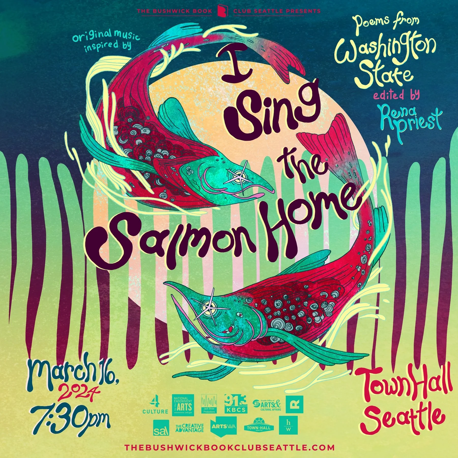 In other exciting news, the Bushwick Book Club will be performing music inspired by the anthology edited by Rena Priest, I Sing the Salmon Home, on March 16 at 7:30 pm at Town Hall in Seattle. Many of the contributors will be in the audience that night—and we’ll be there selling copies of the anthology. If you’re in Seattle, we hope you’ll come join us!
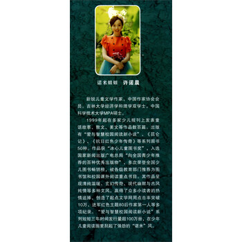新锐儿童文学作家,中国作家协会会员。吉林大学经济学和理学双学士,中国科学技术大学MPA硕士。
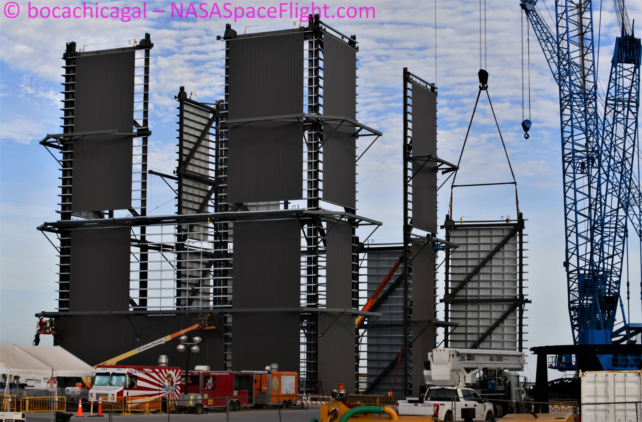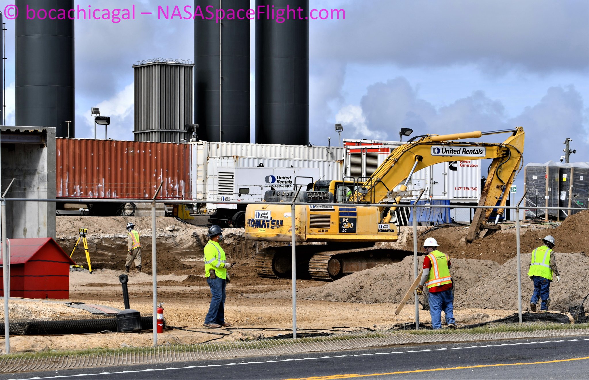если серьезно, то они устанавливают капитальный забор вместо временного... всего лишь сетка и "колючка" по-верху. Это, чтобы не мешать блогерам продолжать снимать фото и видео - респект Маску и его начальникам!
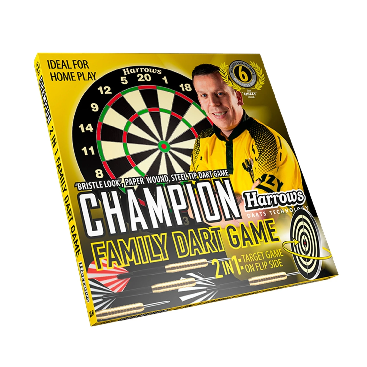 Experience the game of champions with the Harrows Darts ‘Champions Family Dart Game’. Endorsed by PDC Champion, Dave “Chizzy” Chisnall, it’s perfect for family fun. This tournament sized (18 x 1″) paper coil steeltip game includes six 18g brass darts.
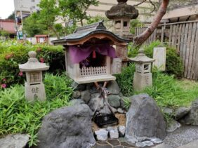 【山中温泉 飲泉所】(石川県の水飲み場)加賀市山中温泉湯の出町 日本三大民謡・山中節の始まり浴衣べー地蔵が祀られている 山名温泉総湯前の飲泉所
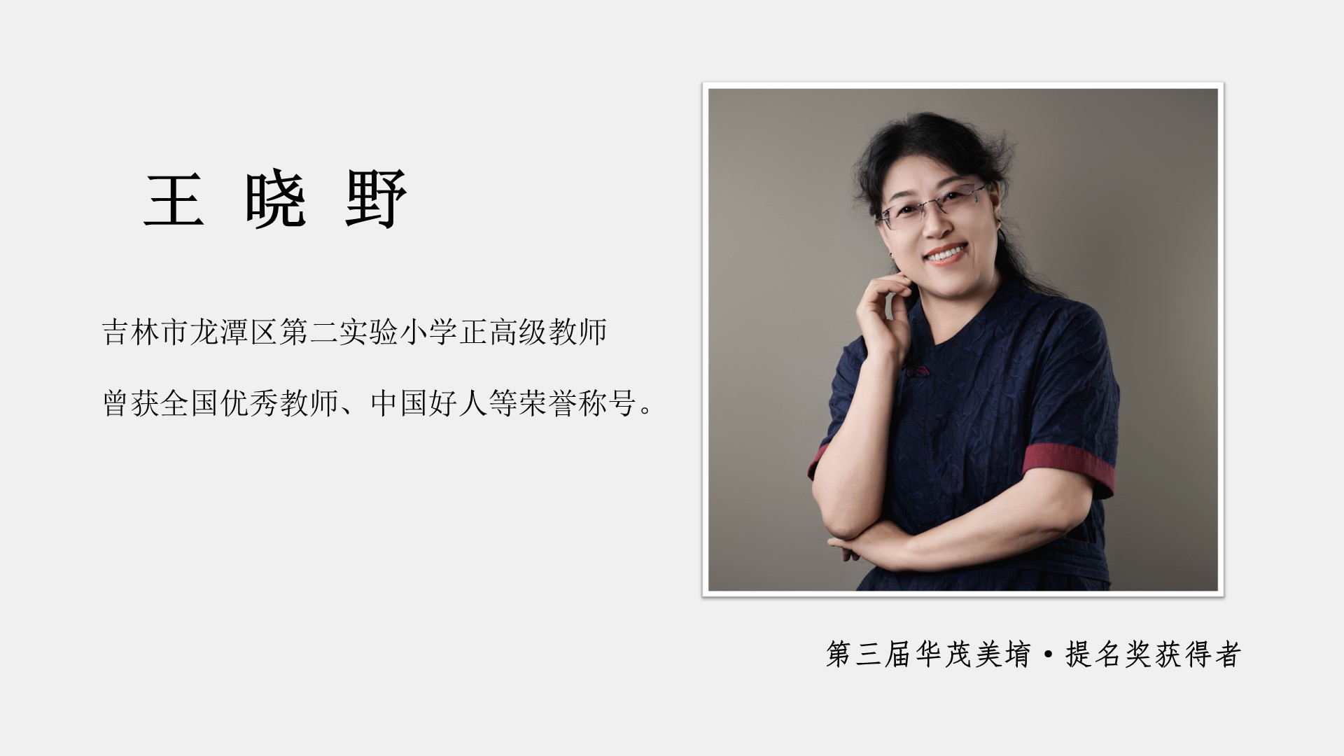 王晓野/ Wang Xiao Ye 现任吉林市龙潭区第二实验小学正高级教师,曾获全国优秀教师、中国好人、吉林好人·最美教师暨黄大年式好老师等荣誉称号。
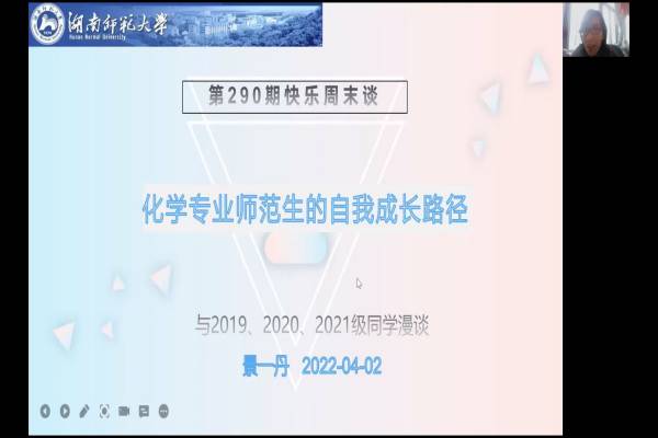 在此次线上活动中,景一丹主要介绍了化学专业师范生的自我成长路径。景一丹提出,作为一名化学师范生,会经历从化学专业师范生到课程与教学论的研究生再到教育学的在职博士生的转变,在成长过程中,学生可以选择参加挑战杯创业大赛,撰写调查研究论文,以及参与到化学与社会社团中,在学习知识的同时,丰富自己的沟通交流能力以及相应的实践技能。

- - - - - - -

[Exercise prompt] Nothing but the lines from the one that contains "王晓野/ Wang Xiao" through the last line of the material should be written out, exactly. Omit pictures.

[Finished task]
 王晓野/ Wang Xiao Ye 现任吉林市龙潭区第二实验小学正高级教师,曾获全国优秀教师、中国好人、吉林好人·最美教师暨黄大年式好老师等荣誉称号。
 在此次线上活动中,景一丹主要介绍了化学专业师范生的自我成长路径。景一丹提出,作为一名化学师范生,会经历从化学专业师范生到课程与教学论的研究生再到教育学的在职博士生的转变,在成长过程中,学生可以选择参加挑战杯创业大赛,撰写调查研究论文,以及参与到化学与社会社团中,在学习知识的同时,丰富自己的沟通交流能力以及相应的实践技能。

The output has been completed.